The entries must be repeated verbatim, and their images left out.

^^^^^^^^

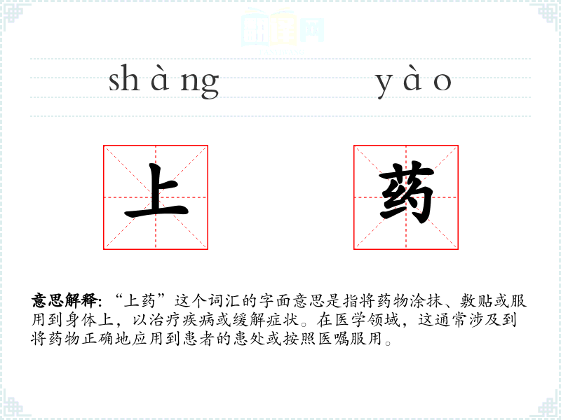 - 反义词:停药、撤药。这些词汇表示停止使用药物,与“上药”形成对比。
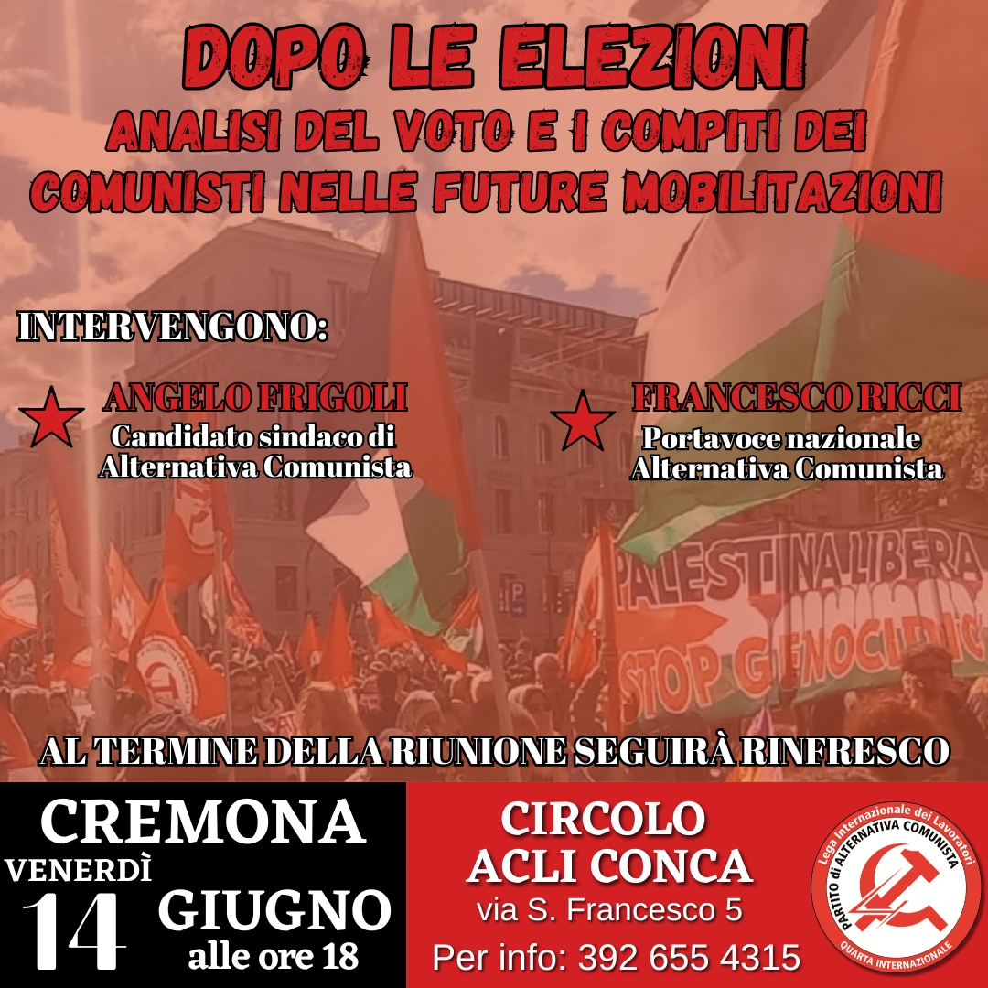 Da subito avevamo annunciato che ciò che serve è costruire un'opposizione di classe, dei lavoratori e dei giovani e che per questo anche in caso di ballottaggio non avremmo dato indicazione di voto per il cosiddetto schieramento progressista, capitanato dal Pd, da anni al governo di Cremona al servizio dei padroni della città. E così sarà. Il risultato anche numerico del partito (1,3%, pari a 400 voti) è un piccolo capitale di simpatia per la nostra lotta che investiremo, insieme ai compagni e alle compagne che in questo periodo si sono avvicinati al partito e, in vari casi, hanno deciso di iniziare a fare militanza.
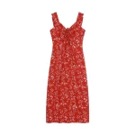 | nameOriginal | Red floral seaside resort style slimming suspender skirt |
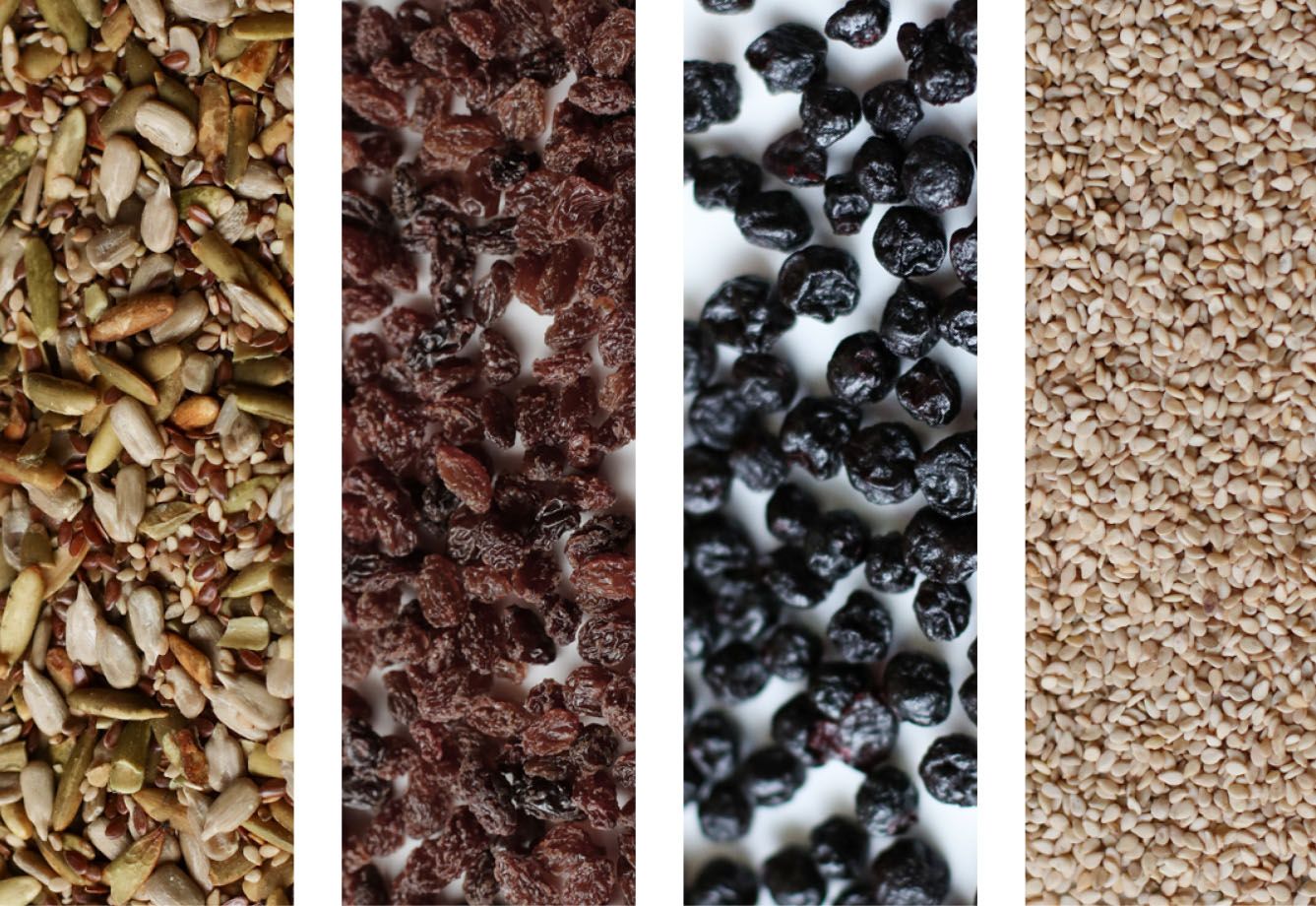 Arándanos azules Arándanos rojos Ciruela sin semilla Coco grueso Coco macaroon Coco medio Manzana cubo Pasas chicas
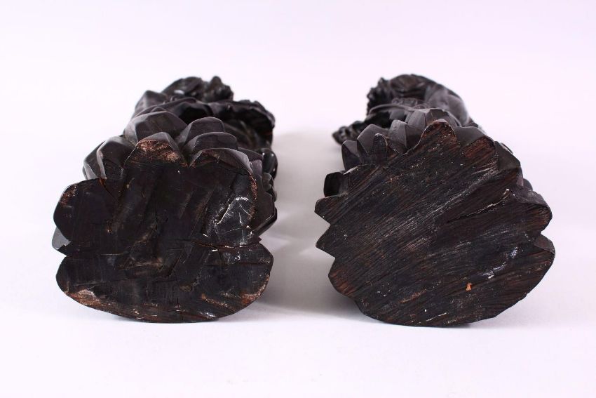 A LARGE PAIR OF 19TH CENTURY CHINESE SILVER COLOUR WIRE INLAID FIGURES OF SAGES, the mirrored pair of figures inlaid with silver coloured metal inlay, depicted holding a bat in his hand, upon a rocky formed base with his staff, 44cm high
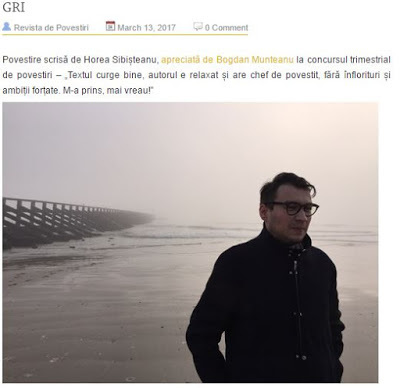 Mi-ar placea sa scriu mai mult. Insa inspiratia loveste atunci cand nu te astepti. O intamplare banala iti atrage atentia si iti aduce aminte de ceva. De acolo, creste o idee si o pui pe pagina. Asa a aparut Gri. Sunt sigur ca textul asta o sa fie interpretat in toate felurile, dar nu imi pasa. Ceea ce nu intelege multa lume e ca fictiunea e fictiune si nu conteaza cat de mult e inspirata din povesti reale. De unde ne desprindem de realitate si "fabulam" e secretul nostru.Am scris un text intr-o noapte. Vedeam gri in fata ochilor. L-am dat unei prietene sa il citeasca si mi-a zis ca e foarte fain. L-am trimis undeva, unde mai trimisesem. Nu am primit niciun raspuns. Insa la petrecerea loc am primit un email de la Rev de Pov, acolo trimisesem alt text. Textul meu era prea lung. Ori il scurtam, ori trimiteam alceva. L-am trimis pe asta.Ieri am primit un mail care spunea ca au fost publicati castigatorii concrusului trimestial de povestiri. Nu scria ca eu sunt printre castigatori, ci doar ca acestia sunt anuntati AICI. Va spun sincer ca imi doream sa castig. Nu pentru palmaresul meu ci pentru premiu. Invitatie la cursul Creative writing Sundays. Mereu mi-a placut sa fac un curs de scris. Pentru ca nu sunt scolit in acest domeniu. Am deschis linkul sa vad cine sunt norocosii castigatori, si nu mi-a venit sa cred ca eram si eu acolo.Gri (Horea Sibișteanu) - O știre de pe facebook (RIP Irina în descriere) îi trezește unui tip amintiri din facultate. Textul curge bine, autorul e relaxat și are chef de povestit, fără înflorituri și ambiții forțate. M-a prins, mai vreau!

^^^^^^^^

## Problem solution
 - 反义词:停药、撤药。这些词汇表示停止使用药物,与“上药”形成对比。
 Da subito avevamo annunciato che ciò che serve è costruire un'opposizione di classe, dei lavoratori e dei giovani e che per questo anche in caso di ballottaggio non avremmo dato indicazione di voto per il cosiddetto schieramento progressista, capitanato dal Pd, da anni al governo di Cremona al servizio dei padroni della città. E così sarà. Il risultato anche numerico del partito (1,3%, pari a 400 voti) è un piccolo capitale di simpatia per la nostra lotta che investiremo, insieme ai compagni e alle compagne che in questo periodo si sono avvicinati al partito e, in vari casi, hanno deciso di iniziare a fare militanza.
 | nameOriginal | Red floral seaside resort style slimming suspender skirt |
 Arándanos azules Arándanos rojos Ciruela sin semilla Coco grueso Coco macaroon Coco medio Manzana cubo Pasas chicas
 A LARGE PAIR OF 19TH CENTURY CHINESE SILVER COLOUR WIRE INLAID FIGURES OF SAGES, the mirrored pair of figures inlaid with silver coloured metal inlay, depicted holding a bat in his hand, upon a rocky formed base with his staff, 44cm high
 Mi-ar placea sa scriu mai mult. Insa inspiratia loveste atunci cand nu te astepti. O intamplare banala iti atrage atentia si iti aduce aminte de ceva. De acolo, creste o idee si o pui pe pagina. Asa a aparut Gri. Sunt sigur ca textul asta o sa fie interpretat in toate felurile, dar nu imi pasa. Ceea ce nu intelege multa lume e ca fictiunea e fictiune si nu conteaza cat de mult e inspirata din povesti reale. De unde ne desprindem de realitate si "fabulam" e secretul nostru.Am scris un text intr-o noapte. Vedeam gri in fata ochilor. L-am dat unei prietene sa il citeasca si mi-a zis ca e foarte fain. L-am trimis undeva, unde mai trimisesem. Nu am primit niciun raspuns. Insa la petrecerea loc am primit un email de la Rev de Pov, acolo trimisesem alt text. Textul meu era prea lung. Ori il scurtam, ori trimiteam alceva. L-am trimis pe asta.Ieri am primit un mail care spunea ca au fost publicati castigatorii concrusului trimestial de povestiri. Nu scria ca eu sunt printre castigatori, ci doar ca acestia sunt anuntati AICI. Va spun sincer ca imi doream sa castig. Nu pentru palmaresul meu ci pentru premiu. Invitatie la cursul Creative writing Sundays. Mereu mi-a placut sa fac un curs de scris. Pentru ca nu sunt scolit in acest domeniu. Am deschis linkul sa vad cine sunt norocosii castigatori, si nu mi-a venit sa cred ca eram si eu acolo.Gri (Horea Sibișteanu) - O știre de pe facebook (RIP Irina în descriere) îi trezește unui tip amintiri din facultate. Textul curge bine, autorul e relaxat și are chef de povestit, fără înflorituri și ambiții forțate. M-a prins, mai vreau!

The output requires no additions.